Samsung shipped devices with flawed encryption
In a paper set to be presented at the Real World Crypto and USENIX Security summit, researchers showed that Samsung failed to properly implement a part of its Keymaster Hardware Abstraction Layer in the Android Keystore, impacting Galaxy phones from the S8 through S21 models. This allowed researchers to reverse engineer the Keymaster app and conduct an Initialization Vector reuse attack to obtain encryption keys. Essentially the phones should use a different initialization vector each time in an encryption operation to produce different results from the same plain text, but Samsung’s implementation didn’t in all instances. The researchers alerted Samsung in May 2021, with Samsung releasing a patch for the flaw.
New York state gets cybersecurity center
New York state governor Kathy Hochul announced the Joint Security Operations Centers, in coordination with the mayors of New York City, Albany, Buffalo, Rochester, Syracuse, and Yonkers. The center will be located in Brooklyn and provide a central location for state officials to receive and analyze threat telemetry during a crisis. The center will be staffed with state and federal law enforcement, as well as local and county governments. This is the first such statewide cybersecurity coordination center in the US.
(ZDNet)
Microsoft Defender adds support for GCP
After adding support for Amazon Web Service late last year, Microsoft Defender for Cloud now supports Google Cloud, letting Microsoft use APIs for either competitor’s cloud service to provide further cybersecurity solutions. In a recent survey, Microsoft found 83% of business leaders listed “managing multicloud complexity” as their biggest pain point in 2022, with Microsoft Defender for Cloud pitched as the mythical single pane of glass solution. This comes as Microsoft’s overall security business continues to grow into a major unit within the company, growing revenue 45% on the year in 2021 to over $15 billion.
European Commission publishes the Data Act
The European Commission released a draft of the Data Act, which sets out rules on how companies can access non-personal data. The proposed legislation would require cloud service providers to make migrating data to other services easier, prohibit contracts that inhibit sharing data with smaller companies, and allow users access to data generated from connected devices. This will have to go to EU member states and the European Parliament for approval before becoming law, a process that may take years.

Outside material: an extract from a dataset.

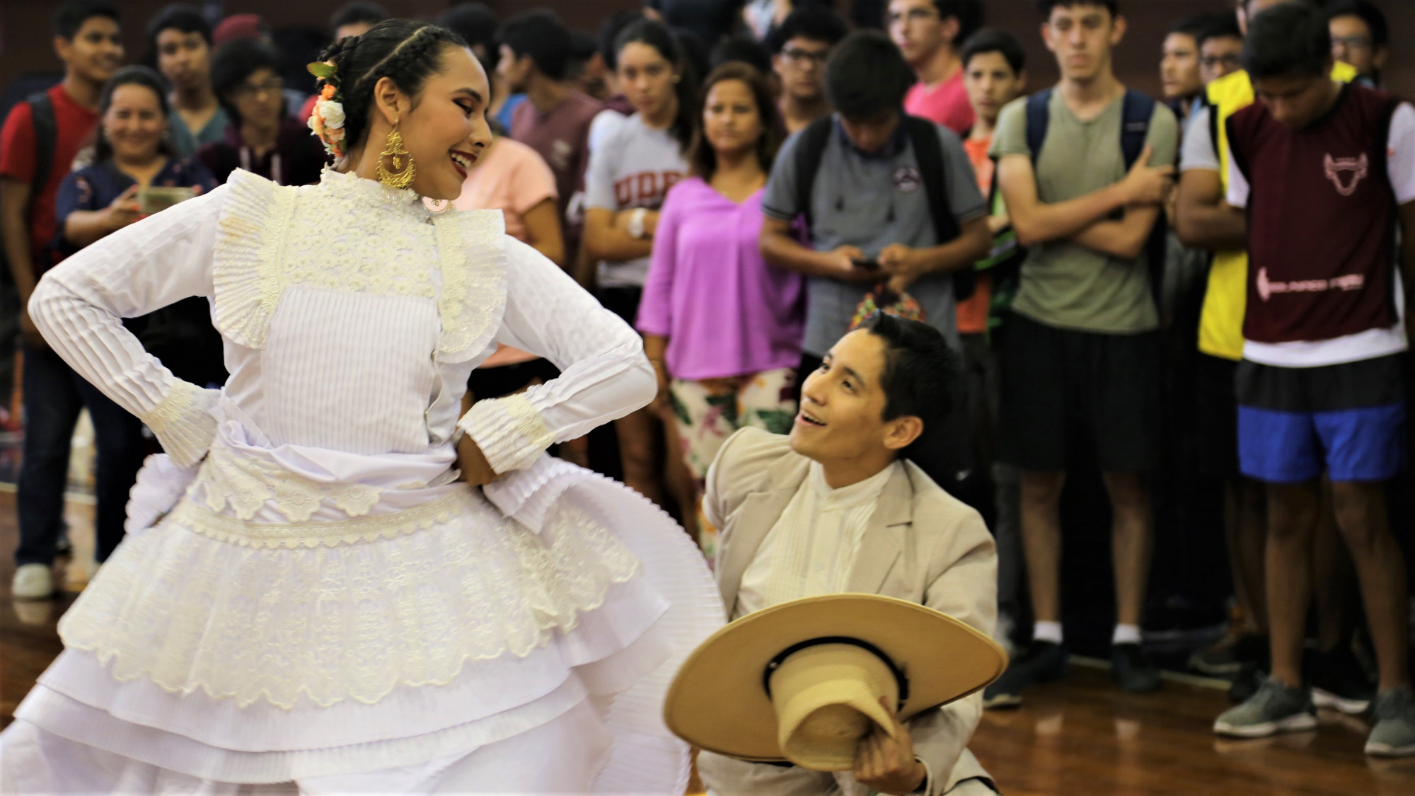 Asimismo, la alumna Luiset Bayona junto a Rubén Ulloa, presentó un espectáculo de marinera. Los trajes tradicionales fueron un vestido huanchaquero blanco y su pareja llevaba un terno blanco mochero.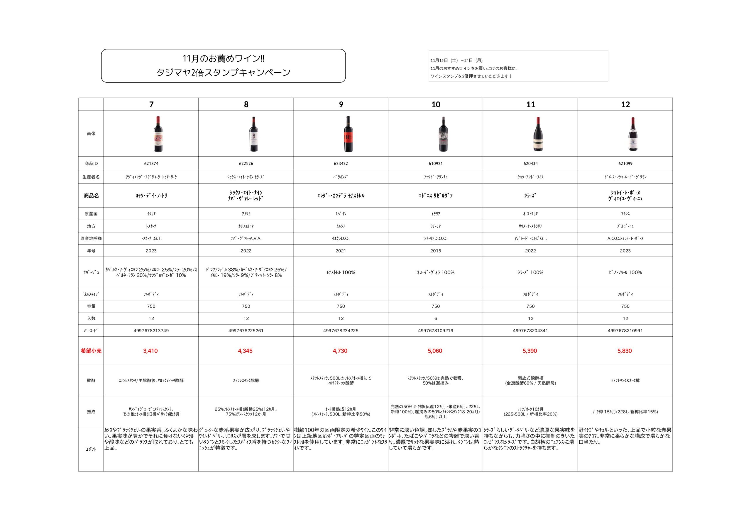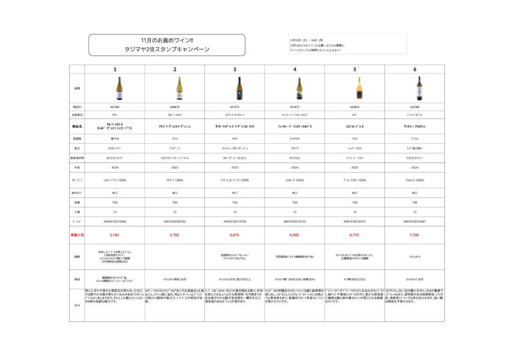 11月スタンプ2倍キャンペーン 2025 11/14 キャンペーン情報 2025年11月14日 2025年 11/15(土)~24(月) 11月のおすすめワインをお買い上げのお客様にはワインスタンプを2倍押させていただきます!おまとめ買いのチャンスです!ご来店をお待ちしております! キャンペーン情報 よかったらシェアしてね! URLをコピーしました! URLをコピーしました! おうちでボジョレヌーボー 2025 この記事を書いた人 新部 博康 タジマヤ四代目店主 社団法人日本ソムリエ協会認定のソムリエ資格 フランス食品振興会認定のコンセイエ資格 ドイツワインケナー資格 関連記事 10月スタンプ2倍キャンペーン 2025年10月16日 9月スタンプ2倍キャンペーン 2025年9月18日 8月スタンプ2倍キャンペーン 2025年8月12日 7月スタンプ2倍キャンペーン 2025年7月16日 6月スタンプ2倍キャンペーン 2025年6月20日 5月スタンプ2倍キャンペーン 2025年5月12日 4月スタンプ2倍キャンペーン 4/19~27 2025年4月11日 3月スタンプ2倍キャンペーン 2025年3月16日

Thanks to our episode sponsor, Tines
Asustor NAS devices hit with ransomware
Owners of Asustor Network Attached Storage devices report that an active Deadbolt ransomware campaign is impacting devices, encrypting media and other stored content. Asustor said its investigating the attacks and disabled the myasustor.com Dynamic Domain Name Service as a precaution. Asustor recommends keeping any of its NAS products off the internet. The threat actors claim a zero-day vulnerability is being used in the campaign, which it will detail for 7.5 Bitcoins. For 50 Bitcoins, it will part with its master decryption key. Deadbolt ransomware previously targeted QNAP NAS devices with a similar campaign last month.
AirTag protections bypassed
Privacy and stalking concerns with AirTags have been present since the product launched last year. Security researchers have demonstrated ways to modify firmware or use the devices to transmit data over Apple’s Find My network in the past. To mitigate these concerns, Apple introduced a notification if a device notices the same AirTag in your vicinity that’s not yours. Security researcher Fabian Bräunlein created “bogus message” generators that would send device IDs from 2000 simulated AirTags every 30 seconds at random, which changed IDs every 15 minutes. Because Bräunlein knew all the generated ID numbers, he could track a volunteer for days, without them ever receiving notifications about a suspicious AirTag following them. The researcher recommended the Android app AirGuard to scan for potential tracking devices on the FInd My network.
UK firms most likely to pay ransoms
A new study from the security company Proofpoint found that on average 58% of firms that were victims of ransomware attacks paid ransoms to regain access to data. The UK led all countries in the study, with 82% of firms paying ransoms. Despite most firms paying ransoms, Proofpoint found that only half regained access to data after a first payment, with threat actors usually asking for more money. Despite this, only 4% of firms that paid were unable to retrieve data. The study also found that phishing attacks remain the most common way for attackers to gain access to a network.
(BBC)
Zombie malware surprisingly common
According to Bitdefender’s monthly Threat Debrief, WannaCry malware and the ransomware-as-a-service GandCrab were the most commonly detected malware in January 2022, making up 56% of all detections. This is surprising considering WannaCry first surfaced in 2017 and the organization behind GandCrab publicly spun down operations in 2019. Bitdefender said some of these could be false positives from malware collectors or testing systems, abandonware malware websites that still automatically spread the samples, or that similar code from both malware samples are being reused by other actors. For example, the operators of GandCrab resurfaced with REvil months after it supposedly shut down.